Manny Caulk Dead: Fayette County Superintendent Dies at 49

manny caulk dead

Twitter Manny Caulk

Manny Caulk, the Fayette County school superintendent in Lexington, Kentucky, has died at the age of 49, leading to a flood of tributes.

According to WKYT, the news came from Fayette County Board of Education Chair Stephanie Spires in a letter to families. “Tonight, I write with a heavy heart to inform you of the death of our Superintendent, Emmanuel Caulk, who has led our district since 2015,” she wrote.

“We are grateful for Manny’s servant leadership and passion for our two moral imperatives – to accelerate achievement for students who have not yet reached proficiency and to challenge students already proficient to achieve global competency,” wrote Spires.

The death was unexpected. The cause of death was not released. However, according to Kentucky.com, in 2015, Caulk had surgery “to remove a malignant tumor from his sinus cavity.” It’s not clear whether that ailment was releated to his death, though.

“We ask that you keep Manny, his family, and everyone who loved him in your thoughts and prayers, while also respecting their privacy during this incredibly difficult time. Arrangements to honor his life and work are incomplete at this time, but will be sent out to our FCPS Family when finalized,” Spires wrote.

Here’s what you need to know:


Caulk Was Superintendent Since 2015

On Twitter, Caulk wrote that he was, “Superintendent of the Fayette County Public Schools since 2015. Named 2018 Kentucky Superintendent of the Year and 2017 Education Week Leader to Learn From.”

His last posts on Twitter shared news about teachers of the year being named. He also wished people well as illness spread through the school system writing, “I hope everyone who is sick gets better and everyone who is well stays that way!”

According to WKYTKentucky.com reported that Caulk’s grandfather, a coal miner, had moved to Kentucky in search of the “American dream.” The newspaper reported that his accomplishments as superintendent were many, including developing the district’s strategic plan, redesigning high schools, emphasizing volunteerism, and elevating education in the community’s conversation.

“My executive leadership experiences afforded me opportunities to serve as a leader in Portland, Philadelphia, Baton Rouge, and Chicago,” he wrote on LinkedIn.

“My scope of work entailed district-wide reform efforts focused on ensuring all students have a pathway to success by implementing a student-centered approach to learning; transforming under-performing, low completion rate high schools; turning around chronic and persistent under-performing elementary schools; closing the achievement and opportunities gap; implementing high quality, rigorous and robust curriculum and instruction models; and implementing research based leadership and staff professional development all designed to increase student outcomes and life options with an emphasis on college and career readiness.”

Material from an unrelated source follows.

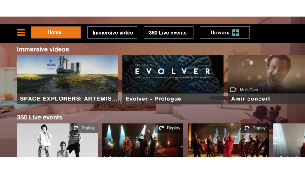 Dans le cadre d’un projet scolaire, la mission consiste à créer une identité visuelle pour une filiale de la marque Orange. Cette filiale est une plateforme de streaming spécialisée dans la réalité virtuelle (RV). L’objectif du projet est de promouvoir une offre proposée par Orange : l’achat d’un casque donne accès à cette nouvelle plateforme. Cette offre est destinée aux familles, incluantles parents et les enfants.

Tributes Flooded in for Manny Caulk

As news spread, tributes came.

Representative Cherlynn Stevenson wrote on Twitter, “I am shocked and saddened at the news of superintendent Manny Caulk passing. I’m drinking from a FCPS coffee cup this morning in honor of him and his devotion to his work all about kids. I send my heartfelt condolences to his family and loved ones during this difficult time.”

The Lexington Public Library wrote, “We are saddened to learn that Supt. Manny Caulk died yesterday. Manny was a great partner to LPL and advocate for our children and families. He will be missed, though his legacy will live on through @FCPSKY. We extend our sympathies to his family and all who loved him.”

Fellow Superintendent Dr. Marty Pollio wrote, “I’m saddened to hear about the death of my friend Manny Caulk. @FCPSKY
was lucky to have his leadership and commitment to students. He will be missed.”

Caulk was previously superintendent in Portland, Maine, and an assistant superintendent in Philadelphia, Pennsylvania. He also worked in a school district in Louisiana and in juvenile corrections. He also, according to LinkedIn, had a doctorate of law and a master’s degree in education.